Наказание Евдохе с сыном, от работы отбился. Спозаранок уходил он в комитет бедноты и дябел там до ночи. А когда выберет вечерок свободный, мать просвещать начнет. Черствая старуха, разные премудрости туго в голову лезли.
— Дурак, наговорил, наговорил, ровно киселя наварил, а есть нечего.
— Плохо вникаешь, мамаша.
— У людей то, у людей сё, а у нас с тобой, чадушко, ничевошеньки. Нынче муки на затевку заняла.
— Ерунда, — говаривал Пронька свое любимое словечко.
— Типун под язык, пес ты лохматый… Последнюю корову со двора сведут, тогда и засвищем во все дыры.
Ночами Евдоха жарко молилась:
— Мати пречистая, вразуми окаянного…
Или подсядет, бывало, на краешек сыновней постели, да и начнет в фартук сморкаться…
— Сынок, образумься… Брось ты революцией заниматься, в года уж вышел, жениться пора, хозяйство хизнуло, кузница тебя ждет… Обо мне, старой, подумай.
— Ерунда, — только и скажет сынок Пронюшка.
Корову свою Пронька назвал Тамарой.
Хомутовская волость второй день рядила ямщика.

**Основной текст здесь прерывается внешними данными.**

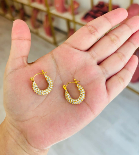 Aretes dorados en forma de herradura con circonias.

Старик Кулаев гонял ямщину лет тридцать из году в год. Выставит, бывало, старикам монопольки лошадиную порцию и — вожжи в руки. В советское время расходу — окромя как писарю сунуть — не требовалось расходу, но и цену подходящую не давали: смета, приказ, порядки, ни на что не похоже.

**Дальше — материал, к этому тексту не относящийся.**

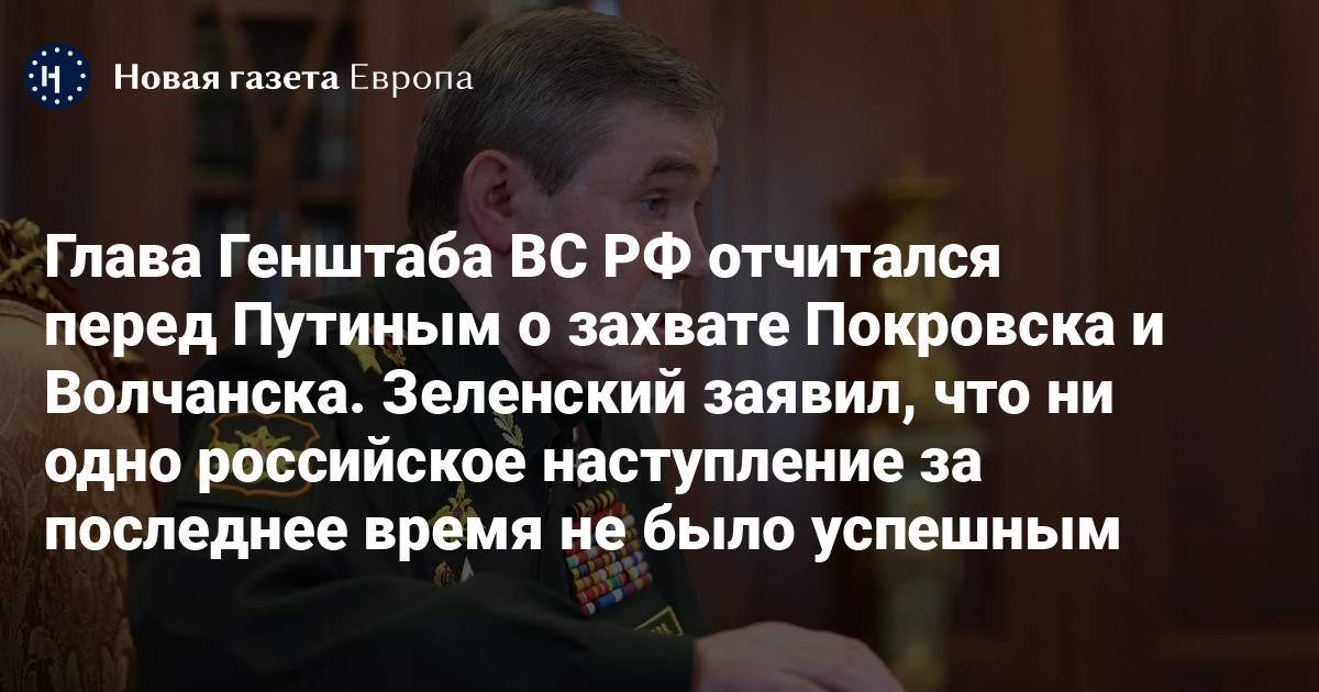 Российские войска взяли под контроль украинские города Покровск и Волчанск, заявил глава Генштаба ВС РФ Валерий Герасимов Владимиру Путину во время его визита в один из пунктов управления Объединенной группировки войск 30 ноября. Об этом говорится на сайте Кремля.

Облупленным вишневым кнутиком стегал себя старик по смушковым валенкам и, играя белками желтых волчьих глаз, хрипел:
— Ращету нет, пра, ей-богу, ращету нет… Тянусь, будто дело заведено, поперек обычая не хочу лезть… Нынче ковка одна чего стоит? Чудаки, прости господи, ей-бо… Дело заведено.
Старика за полы заплатанной суконной поддевки тащили сыновья: Ониска и большак Савёл, оба солдаты действительной службы.
— Аида, тятя, айда… Чего тут гавкать?.. Не хочут, не надо.